Take a look at these pictures. These are human beings. These are two people who were found dead, possibly following suicide. The pictures were commissioned by police in an attempt to identify them. They remain unknown. All deaths outside hospitals are investigated by police to a certain degree. The main thrust of any investigation is to identify the person, and inform their next of kin. There are currently around 700 people on police databases who have never been identified. That's seven hundred. Seven hundred people who have never been missed, who have not had friends or family report their loss to police, who have never had a landlord or employer wonder what has happened to them. It is desperately sad that there are people in this country who are driven to suicide, and that the first person that cares is an anonymous police officer charged with tracing their lives. Here is the true story of one who was identified. Too late.

Donald grew up in Manchester. He lived in a nice stable home, with a close knit family. He did well at school, and secured a place at university, the first in his family. Unknown to anyone, Donald had developed a drink problem. Rather than face the embarrassment of confessing to his family and friends, Donald disappeared. Donald's family reported him to police, however in those days police did not take reports of missing adults. The family made all the enquiries they could to find him without success. Donald's sister ended up marrying his best friend. They stayed living in the family house in case Donald came home. Twenty-five years later, they received a visitor.

Tara grew up in London. She was the apple of her father's eye. A model student, Tara excelled at school, and finally attended a good university. Her father noticed something though. Through her late teens, Tara began to act oddly. It soon became apparent that she was going through the first stages of mental illness. University saw her final descent, with drug taking and alcohol abuse speeding her journey. She dropped out, and returned to London.

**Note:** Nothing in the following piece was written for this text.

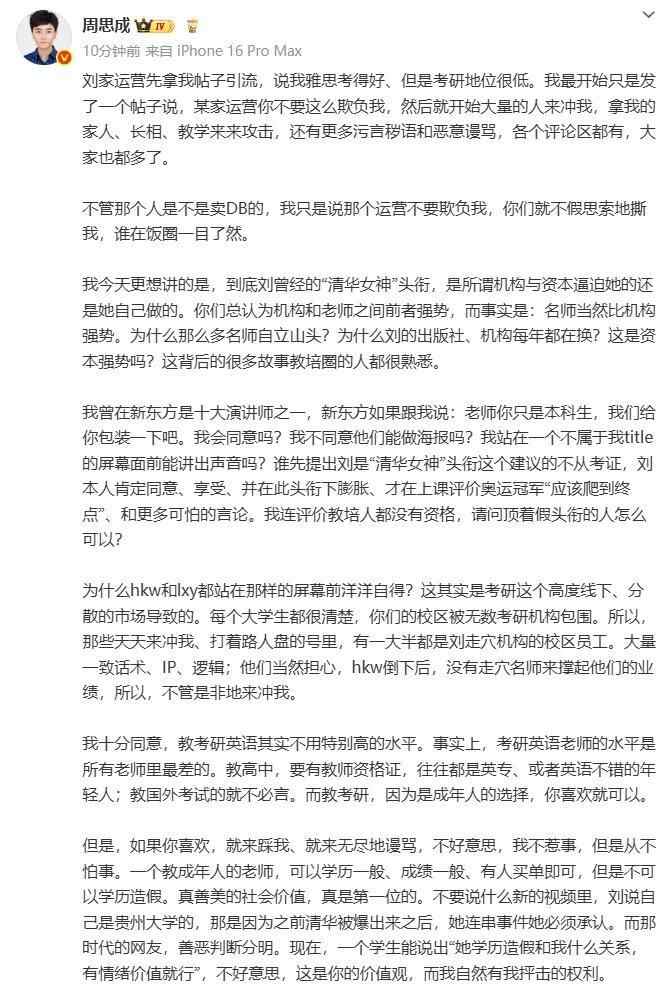 近日,知名考研英语讲师周思成质疑同行刘晓艳英语水平差、编假学历等引发关注。

Tara was supported by her father. She became a regular user of mental health services, and was detained for treatment under the Mental Health Act at one point. Upon release, Tara engaged less and less with support agencies. Her drug taking became worse, and she turned to prostitution to feed her habit, roaming the streets of London, defying all attempts by nurses and her family to make her well again.

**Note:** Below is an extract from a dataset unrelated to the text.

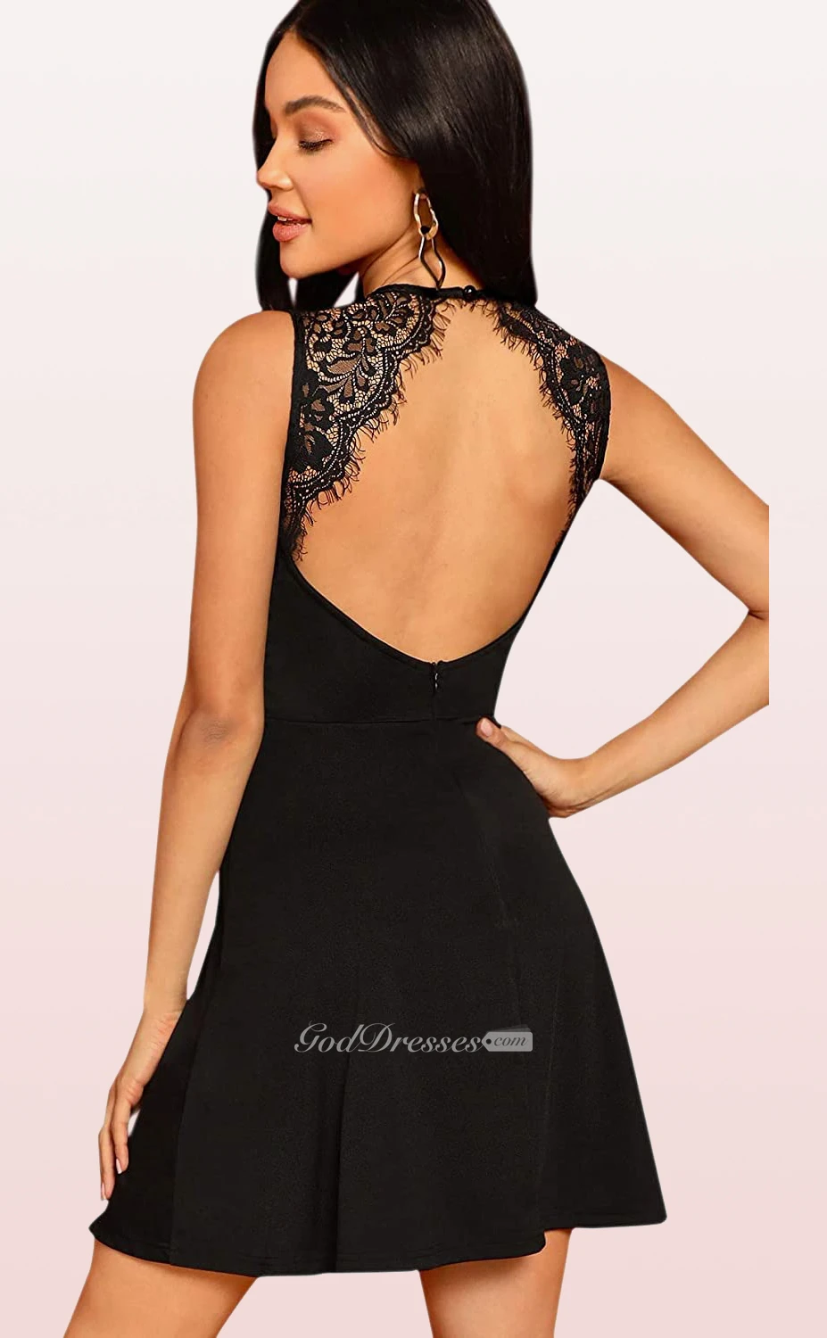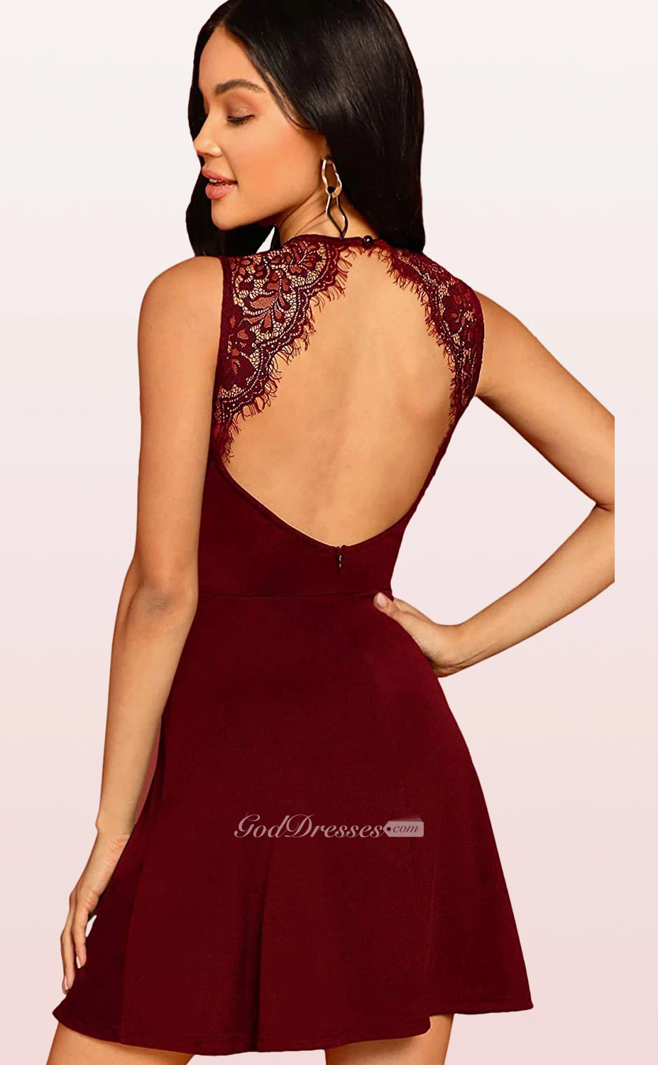 Satin Chiffon Short A Line Sleeveless Sexy Cocktail Dress with Lace

Tara met an older man. He was nice, and they used to drink together in his bedsit. He didn't abuse her, and she used to visit him often. They would sometimes row, but there was no violence, and the arguing usually descended into a drinking binge. Tara and Donald were a couple. One night Tara went to Donald's flat. She was shown on CCTV entering the block, then coming out an hour later. She tried to sell Donald's phone to a local shop. She then went into a phonebox and dialled 999. She told the operator Donald had been murdered. Donald was found in his flat stabbed to death.

Tara was arrested for murder. Her father came to the police station to see her, and act as her 'Appropriate Adult' due to her mental health issues. I remember the tears in his eyes as he was escorted out later the next day.

Donald's family were traced, and a police officer went to see his sister. Twenty-five years after Donald had disappeared he was found.

Tara was charged with murder, however was found unfit to plead. She was detained without limit of time under the Mental Health Act. Donald's family attended the hearing, and watched as Tara was led away.